Austrian-born American artist (1921–2022)

Lily Renée Phillips ( Willheim; May 12, 1921 – August 24, 2022), often credited as L. Renée, Lily Renée, or Reney, was an Austrian-born American artist best known as one of the earliest women in the comic-book industry, beginning in the 1940s period known as the Golden Age of Comics. She escaped from Nazi-occupied Vienna to England and later New York City, whereupon she found work as a penciller and inker at the comics publisher Fiction House, working on such features as "Jane Martin", "The Werewolf Hunter", "The Lost World" and "Señorita Rio".

== Early life ==
Willheim was raised by well-to-do Jewish parents in Vienna, Austria, in the 1930s. Her father, Rudolf Willheim, worked as a manager at the Holland America line, a transatlantic steamship company. As a child, she frequented art museums and often drew as a hobby.
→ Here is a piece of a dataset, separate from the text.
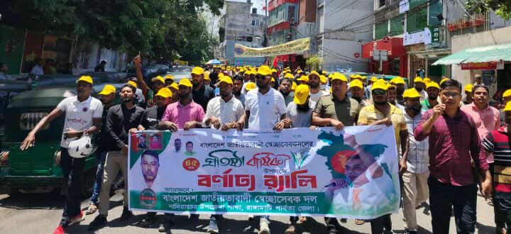 রাঙামাটি প্রতিনিধি: বাংলাদেশ জাতীয়তাবাদী স্বেচ্ছাসেবক দলের ৪৫তম প্রতিষ্ঠাবার্ষিকী উপলক্ষে রাঙামাটির নানিয়ারচরে বিশাল মিছিল অনুষ্ঠিত হয়েছে। মঙ্গলবার সকালে উপজেলা স্বেচ্ছাসেবক দলের আহ্বায়ক বেলাল হোসাইন এর নেতৃত্বে দলীয় নেতাকর্মীরা এক বর্ণাঢ্য মিছিল বের করে।

In 1939 or 1938, Willheim boarded the Kindertransport, leaving her parents behind in Nazi-occupied Austria. She arrived in Leeds, England, and lived there for two years, working as a servant, nanny, and candy striper while waiting for her parents' escape. When Willheim was 16, she received a letter from her parents saying they had emigrated to the United States. After joining them, living in a rooming house on West 72nd Street on Manhattan's Upper West Side, she took up art again. In a 2006 interview, she explained,

At that time, I was painting Tyrolean designs on wooden boxes, and then I got a job on the 46th floor of Rockefeller Center at Reiss advertising agency. They paid me 50 cents an hour to draw catalogs for Woolworth's. And so I was making some money too and I was going to night school, and then I think I told you that my mother saw an ad in the paper for comic artists? I went to [the comic-book publisher] Fiction House and I was hired on a trial basis, and they kept me. And then after a year-and-a-half, I was doing covers and I got a big Christmas bonus....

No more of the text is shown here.